Tentaciones de la libertad
En situación de opciones existenciales importantes —frente al pecado, la fidelidad o la entrega de la vida— nos damos cuenta de que, disponer de la propia libertad, puede ser dramático para la ambigüedad con que trata de vivir el viejo corazón del hombre (cf. Ef 5,1-20). En esa misma carta dice san Pablo que:
«De Jesús aprendieron que es preciso renunciar a la vida que llevaban, despojándose del hombre viejo, que se va corrompiendo dejándose arrastrar por los deseos engañosos, para renovarse en lo más íntimo de su espíritu y revestirse del hombre nuevo, creado a imagen de Dios en la justicia y en la verdadera santidad» (Ef 4,22-24).
La lucha por la libertad del hombre nuevo, por la libertad para «permanecer en el amor» (Jn 15,9b) puede ser jaqueada por diversas tentaciones provenientes del interior y del exterior de nosotros mismos. Hoy queremos esbozar dos de ellas:
1. Una tentación es la de pasar de vivir como hombre del espíritu a vivir como hombre síquico, en la terminología de san Pablo. Es una tentación del egocentrismo sicológico de nuestro tiempo: centrarse en la propia realización.
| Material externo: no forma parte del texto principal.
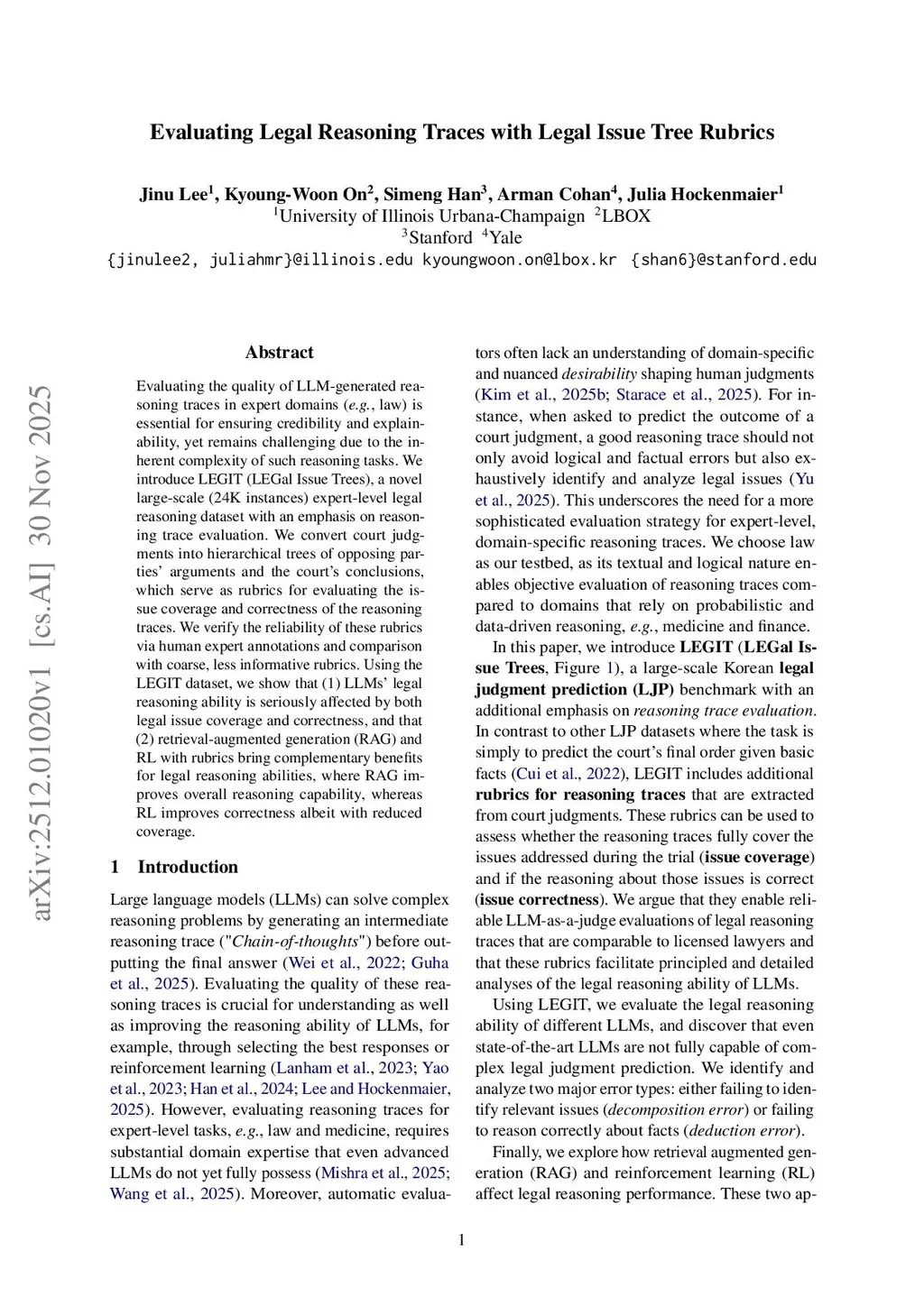 Evaluating the quality of LLM-generated reasoning traces in expert domains (e.g., law) is essential for ensuring credibility and explainability, yet remains challenging due to the inherent complexity of such reasoning tasks. We introduce LEGIT (LEGal Issue Trees), a novel large-scale (24K instances) expert-level legal reasoning dataset with an emphasis on reasoning trace evaluation. We convert court judgments into hierarchical trees of opposing parties' arguments and the court's conclusions, which serve as rubrics for evaluating the issue coverage and correctness of the reasoning traces. We verify the reliability of these rubrics via human expert annotations and comparison with coarse, less informative rubrics. Using the LEGIT dataset, we show that (1) LLMs' legal reasoning ability is seriously affected by both legal issue coverage and correctness, and that (2) retrieval-augmented generation (RAG) and RL with rubrics bring complementary benefits for legal reasoning abilities, where RAG improves overall reasoning capability, whereas RL improves correctness albeit with reduced coverage.

No nos interesa tanto la "realización" de los demás o de la humanidad como nuestra propia realización. Y nos nos damos cuenta que una realización egocéntrica, por noblemente que se la formule, es una frustración final de la persona. Ella termina hablando del amor pero viviendo para sí misma.
En el camino de conversión puede darse una situación surgida de lo que acabamos de decir. En la experiencia de nuestra conversión real al Dios vivo del Evangelio, pudimos habernos abierto totalmente a Dios en un primer momento. Sentíamos la alegría de entregarnos plenamente al amor de Dios y a su Evangelio. Confiábamos en Él y nos dejábamos conducir por Él. Pensábamos en la realización del Reino de Dios entre los hombres y dábamos testimonio de la vida nueva que nos animaba. Vivíamos con «alegría y sencillez de corazón alabando a Dios» (Hch 2,46).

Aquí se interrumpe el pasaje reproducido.